Start Zookeeper by running the following command as the hadoopuser within the /opt/zookeeper/bin folder. Do not run the command from any other current directory.

./zkServer.sh start

Perform the above steps for each server in the ensemble, changing the id number in the myid file as appropriate.

Monitoring Zookeeper

The logging for Zookeeper is sent to /opt/zookeeper/logs/zookeeper.log. This is the same on all machines in the cluster.

Install Hadoop

Note that to use this procedure Hadoop version 2.2.0 should be used. (Do NOT use a later version. The HBase install includes jar files that are matched to Hadoop 2.2.0.) In your cluster, designate one machine to be the Hadoop ResourceManager. In this installation, we are using the masternode for this purpose. You will also need to designate one machine as the NameNode. In our example, that will be slavenode1.

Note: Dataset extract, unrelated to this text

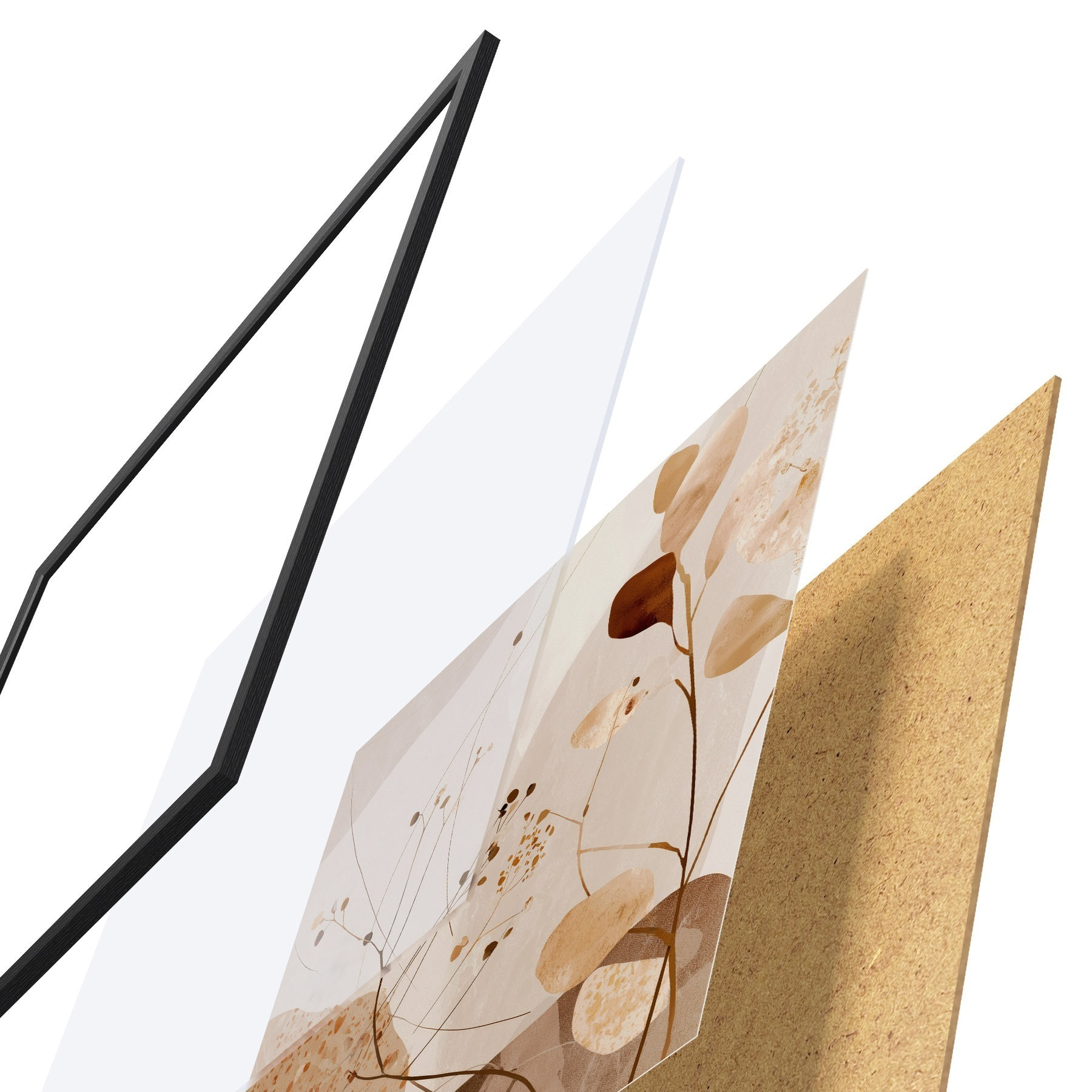 Постер складається з рами, оргскла, надрукованого зображення та підкладки з ДСП. Завдяки кріпленням на звороті плакат можна одразу ж повісити на стіну.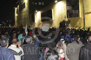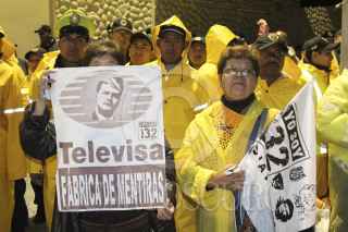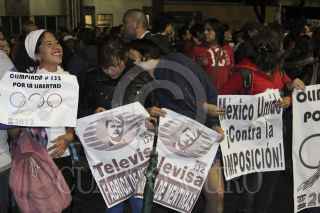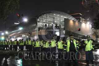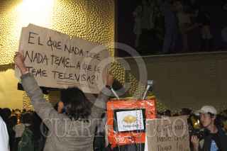 MÉXICO D.F., 26JULIO2012.- Integrantes del movimiento "Yo Soy 132", SME y organizaciones sociales, se manifestaron frente a las instalaciones de Televisa Chapultepec, donde realizaron una toma simbólica de la televisora. Personal de la SSP-DF resguardaron las instalaciones para evitar agresiones a los edificios de Televisa. FOTO: SAÚL LÓPEZ /CUARTOSCURO.COM

Except where noted, the following steps are to be performed on each server in the cluster.

Set up RSA Key for hadoopuser

  1. su as hadoopuser
  2. create new directory .ssh in the hadoopuser’s home folder.
  3. Set permissions on the .ssh folder to 700
  4. Run the command ssh-keygen -t rsa
  5. When prompted, hit enter to set a blank passphrase
  6. Create a new file in .ssh called authorized_keys
  7. Copy the contents of id_rsa.pub to authorized_keys using the command cat id_rsa.pub >> authorized_keys
  8. Copy the RSA Key to each server using the command ssh-copy-id –i /home/hadoopuser/.ssh/id_rsa.pub hadoopuser@(target server name)
  9. Then, ssh into the target server to verify the success of the copy and to add the RSA to the list of known hosts.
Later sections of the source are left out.